De Cayeux was recognized as a "Rising Talent" by the Women's Forum for the Economy and Society (2010). She was also recognized as a "Rising Star" by Institutional Investor (2010) for "outstanding accomplishments" amidst the 2008 financial crisis.

The business plan de Cayeux wrote with Harvard Business School classmate for technology company Extend Fertility was the winner of Harvard Business School business plan competition, placed second in Fortune Small Business plan competition and was a finalist in Global Start-up @Singapore business plan competition in 2004.

==Personal life==
In 2011, de Cayeux married Richard Garriott, the only second generation US astronaut. They had their first child, Kinga Shuilong Garriott de Cayeux, on June 30, 2012. Their second child, Ronin Phi Garriott de Cayeux was born on July 28, 2014.

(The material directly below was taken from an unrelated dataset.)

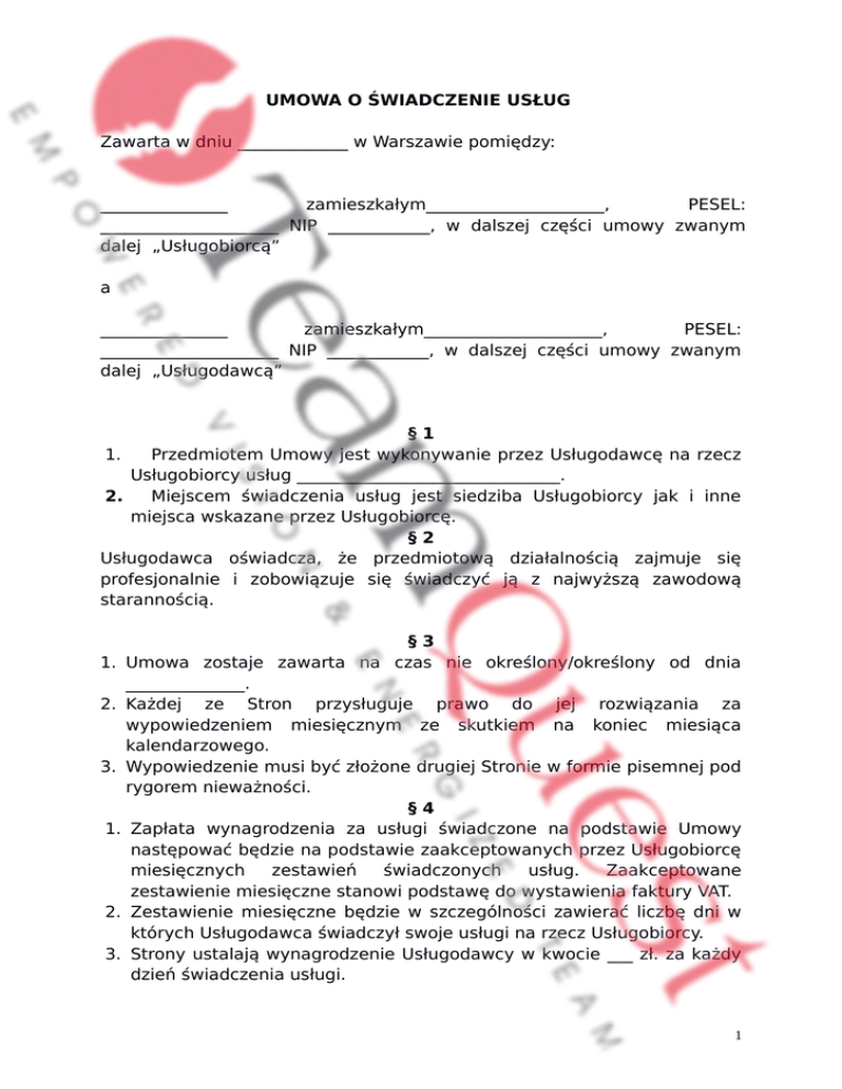 UMOWA O ŚWIADCZENIE USŁUG Zawarta w dniu _____________ w Warszawie pomiędzy: _______________ zamieszkałym_____________________, PESEL: _____________________ NIP ____________, w dalszej części umowy zwanym dalej „Usługobiorcą” a _______________ zamieszkałym_____________________, PESEL: _____________________ NIP ____________, w dalszej części umowy zwanym dalej „Usługodawcą” §1 1. Przedmiotem Umowy jest wykonywanie przez Usługodawcę na rzecz Usługobiorcy usług _______________________________. 2. Miejscem świadczenia usług jest siedziba Usługobiorcy jak i inne miejsca wskazane przez Usługobiorcę. §2 Usługodawca oświadcza, że przedmiotową działalnością zajmuje się profesjonalnie i zobowiązuje się świadczyć ją z najwyższą zawodową starannością. §3 1. Umowa zostaje zawarta na czas nie określony/określony od dnia ______________. 2. Każdej ze Stron przysługuje prawo do jej rozwiązania za wypowiedzeniem miesięcznym ze skutkiem na koniec miesiąca kalendarzowego. 3. Wypowiedzenie musi być złożone drugiej Stronie w formie pisemnej pod rygorem nieważności. §4 1. Zapłata wynagrodzenia za usługi świadczone na podstawie Umowy następować będzie na podstawie zaakceptowanych przez Usługobiorcę miesięcznych zestawień świadczonych usług. Zaakceptowane zestawienie miesięczne stanowi podstawę do wystawienia faktury VAT. 2. Zestawienie miesięczne będzie w szczególności zawierać liczbę dni w których Usługodawca świadczył swoje usługi na rzecz Usługobiorcy. 3. Strony ustalają wynagrodzenie Usługodawcy w kwocie ___ zł. za każdy dzień świadczenia usługi. 1 4. Usługobiorca zapłaci Usługodawcy wynagrodzenie wskazane w ust. 3 powyżej także w przypadku nie świadczenia usługi przez Usługodawcę do 15 dni w ciągu roku pod warunkiem uprzedniego (co najmniej __ dni) poinformowania Usługobiorcy o braku świadczenia usługi we wskazanych terminach. 5. Wynagrodzenie należne Usługodawcy z tytułu realizacji obowiązków wynikających z Umowy będzie uiszczone z dołu w terminie __ dni od dnia otrzymania prawidłowo wystawionej faktury VAT. 6. Usługodawca oświadcza, iż jest zarejestrowanym podatnikiem podatku VAT, posiada NIP numer . 7. Usługobiorca oświadcza, iż jest zarejestrowanym podatnikiem podatku VAT, posiada NIP numer . §5 1. W celu wykonania obowiązków wynikających z Umowy, Usługobiorca powierza Usługodawcy przetwarzanie danych osobowych znajdujących się w bazie danych osobowych Usługobiorcy. Strony zawrą w tym celu odrębną umowę. 2. W związku z zawarciem umowy Usługodawca zobowiązuje się do przestrzegania zasad przetwarzania danych osobowych zgodnie z ustawą o ochronie danych osobowych. 3. W przypadku gdy do naruszenia ochrony danych osobowych dojdzie z przyczyn leżących po stronie Usługodawcy, Usługodawca zapłaci Usługobiorcy karę umowną w wysokości _____ zł. za każdy przypadek naruszenia. 4. Dodatkowo Usługodawca zwróci Usługobiorcy koszty postępowań związanych z naruszeniem danych osobowych leżących po stronie Usługodawcy. Usługobiorca ma również prawo do dochodzenia odszkodowania na zasadach ogólnych przenoszącego wysokość kary umownej. 5. Obowiązek ochrony danych osobowych jest nieograniczony w czasie. §6 1. W celu wykonania obowiązków wynikających z Umowy, Usługobiorca powierza Usługodawcy informacje stanowiące tajemnicę przedsiębiorstwa w rozumieniu ustawy o zwalczaniu nieuczciwej konkurencji. 2. W związku z zawarciem umowy Usługodawca zobowiązuje się do ochrony tajemnicy przedsiębiorstwa Usługobiorcy. 3. W przypadku gdy do naruszenia tajemnicy przedsiębiorstwa Usługobiorcy dojdzie z przyczyn leżących po stronie Usługodawcy, Usługodawca zapłaci Usługobiorcy karę umowną w wysokości _____ zł. za każdy przypadek naruszenia. 2 4. Dodatkowo Usługodawca zwróci Usługobiorcy koszty postępowań związanych z naruszeniem tajemnicy przedsiębiorstwa leżących po stronie Usługodawcy. Usługobiorca ma również prawo do dochodzenia odszkodowania na zasadach ogólnych przenoszącego wysokość kary umownej. 5. Z zastrzeżeniem ust. 3, za tajemnice przedsiębiorstwa Strony uważać będą wszelkie informacje udostępnione przez Usługobiorcę, w zakresie wynikającym z Umowy, jak również informacje uzyskane przez Usługodawcę przy okazji i w związku z wykonywaniem Umowy. W szczególności za tajemnicę przedsiębiorstwa Strony uważać będą informacje techniczne, technologiczne, handlowe lub organizacyjne Usługobiorcy. 6. Strony uzgadniają, iż nie będą stanowić tajemnicy przedsiębiorstwa następujące informacje: 1) powszechnie znane lub publicznie dostępne, chyba że stały się powszechnie znane lub publicznie dostępne na skutek naruszenia przez Usługodawcę postanowień Umowy, 2) uzyskane przez Usługodawcę od osoby trzeciej, pod warunkiem, iż Usługodawca jest w stanie udowodnić powyższą okoliczność, 3) ujawnione przez Usługodawcę osobom trzecim po uzyskaniu pisemnej pod rygorem nieważności zgody Usługobiorcy. 7. Strony uzgadniają następujące zasady postępowania w odniesieniu do tajemnicy przedsiębiorstwa. W okresie obowiązywania Umowy, jak i po jej ustaniu niezależnie od przyczyny, Usługodawca zobowiązuje się nie ujawniać ani nie przekazywać tajemnicy przedsiębiorstwa, pośrednio ani bezpośrednio, osobom trzecim, nie kopiować, nie powielać ani w inny sposób nie reprodukować tajemnicy przedsiębiorstwa ani nie wykorzystywać ich dla celów innych, niż związane z wykonywaniem Umowy i w zakresie przewidzianym w Umowie. Jednakże Strony uprawnione są do przekazania tajemnicy przedsiębiorstwa na zgodne z prawem żądanie organów administracji państwowej lub sądów, w zakresie objętym tym żądaniem. 8. Zobowiązanie usługodawcy wynikające z niniejszego paragrafu będą wiążące przez okres Umowy oraz 5 lat po jej ustaniu. §7 1. Usługodawca zobowiązuje się nie prowadzić dzi

She is the granddaughter of French scientist André Cailleux, whom the Cailleux (crater) on the moon is named after.

De Cayeux and her husband are the owners of the Luna 21 lander and the Lunokhod 2 rover making them the world's only private owners of an object on a foreign celestial body. They were also the largest shareholder of Space Adventures, which offered zero-gravity atmospheric flights and provides orbital spaceflights to Low Earth Orbit/the International Space Station with seven clients launched to orbit as of 2016.